A popular fruit, especially during the summer season, is a slice of watermelon.
And whether it’s a dash of salt, lightly grilled, included in a stir fry or salad or in a blender or smoothie, watermelons contain the antioxidant Lycopene. Studies show that Lycopene helps to decrease the risk of cancer, heart disease and age-related eye disorders. Watermelon rinds also provide many nutrients, according to Healthline.
The rinds are high in Vitamin A, Vitamin C, potassium, magnesium and fiber, which helps with digestion and that helps regulate blood sugar and cholesterol levels. High levels of Citrulline have also been discovered in watermelon rinds.
Citrulline reduces blood pressure and its supplements have been associated with heart health and improved circulation, according to Country Living. While slicing your watermelon, include the rind and eat as one piece.
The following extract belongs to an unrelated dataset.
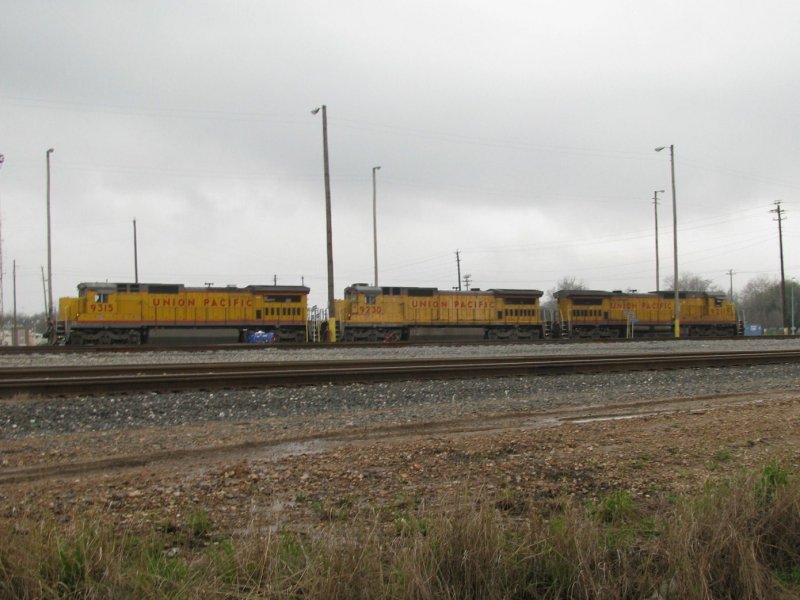 Drei UP Loks sind am 21.2.2008 in einem Betriebswerk der UP in Houston (Texas) abgestellt.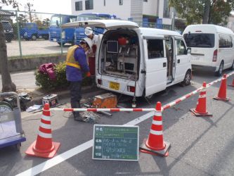 パラボラ工法は、コンパクトな専用機材を使用してわずかな時間でマンホールのふたの取替を行い、しかも高品質・高強度を提供する補修工法です。マンホール周囲の舗装を円形に切断するため、カットクロス部が生じません。すたの密着度が高く、摩擦抵抗も曲線に分散されるため、大きな負荷に耐えることができます。

Kwang Uh of Baroo in Los Angeles suggests that a homemade pickled watermelon rind recipe which includes:
- 2 tablespoons kosher salt
- 1/2 cup lime juice
- 1/2 cup maple syrup
- 1/2 cup rice wine vinegar
- 1/2 cup white wine vinegar
- 1 cinnamon stick
- 1 kaffir lime leaf
The best watermelons are firm, consistent and heavy for its size with a yellow spot on the underside caused by sitting on the ground and ripening in the sun. A pale or white underside indicates that the fruit may have been picked too sun or may not be ripe.
Watermelons are the most popular melon eaten in the U.S. The high amount of water, 92%, helps with hydration. Adding the rind provides even more benefits.